• **Listed records**:
━━━━━━━━━━━━━━━━━━━━

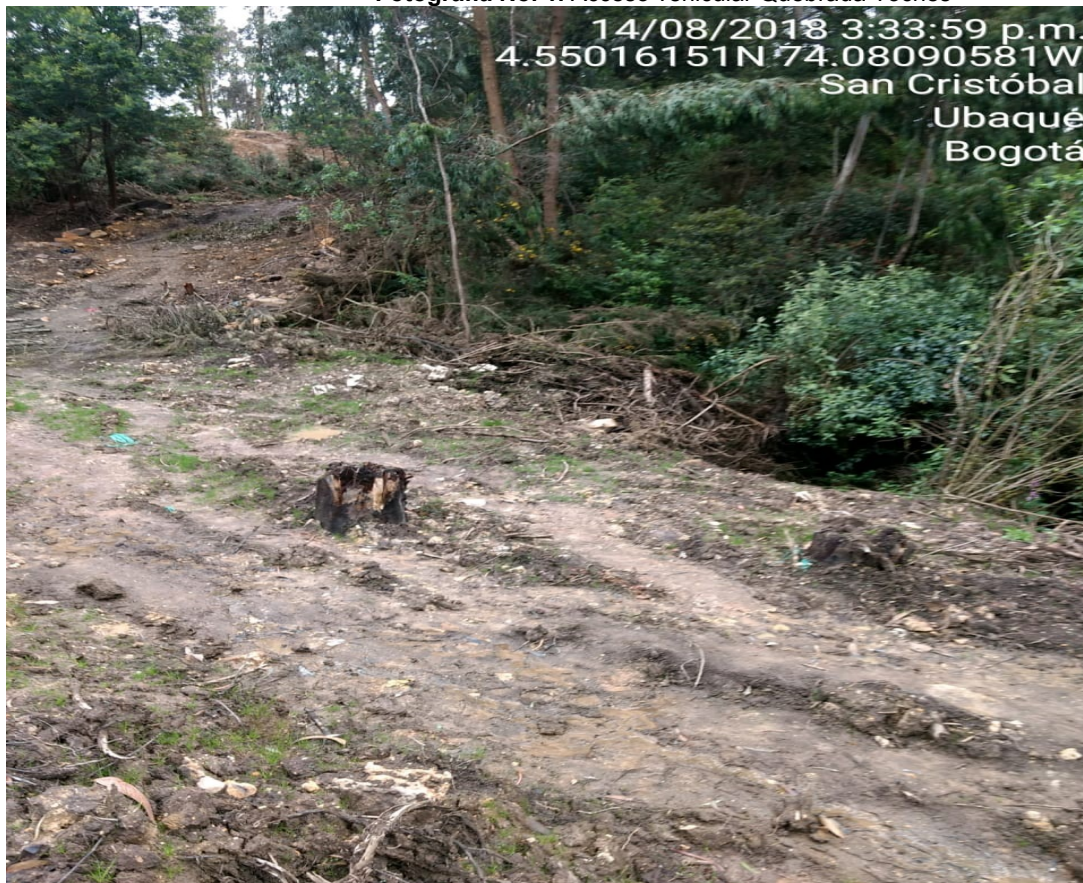
Fotografía No. 1. Acceso vehicular Quebrada Toches

Se observó un puente ya constituido que atraviesa la Quebrada el cual no se logra verificar el Permiso de Ocupación de Cauce – POC correspondiente ni identificación de fecha de construcción, este puente es una de las vías de acceso a la zona de intervención.
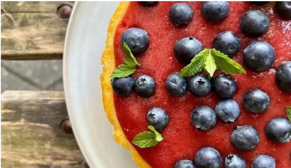
Sucre sale bistro mvd tarta
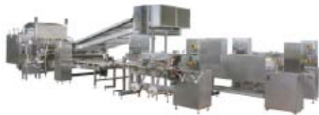
カニカマ製造装置

当社の主力製品は蒲鉾、豆腐、海苔などの食品加工機械です。特にカニ風味蒲鉾の製造装置では海外を含み、約7割のシェアを持っています。また、豆腐や海苔のように製法にも伝統のある食品分野においても、当社の最新技術が数多く採用されています。
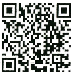
【自転車ルールブック】
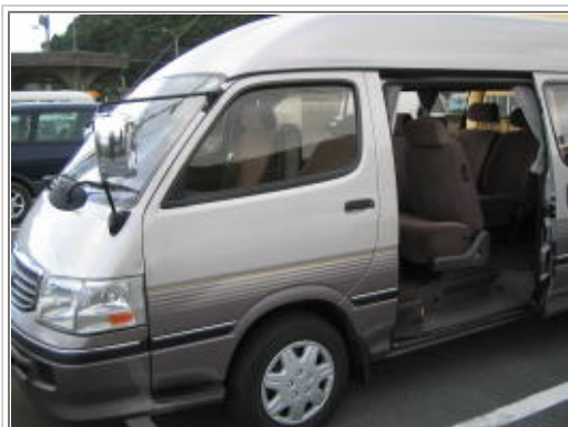
ハイエスロングハイルーフ10人乗り

しかし高速道路、事故の為の中国道通行止めで急遽、ルート変更。ひたすら9号線 を走り5時間かけて到着。鳥取ワイズメンズクラブの皆様、遅れて申し訳ありませんでした。

━━━━━━━━━━━━━━━━━━━━

• **Aim of the task**: Set down exactly, and only, the lines from the one containing "ハイエスロングハイルーフ10人乗り" to the final line of the data.

• **Result below**:
ハイエスロングハイルーフ10人乗り

しかし高速道路、事故の為の中国道通行止めで急遽、ルート変更。ひたすら9号線 を走り5時間かけて到着。鳥取ワイズメンズクラブの皆様、遅れて申し訳ありませんでした。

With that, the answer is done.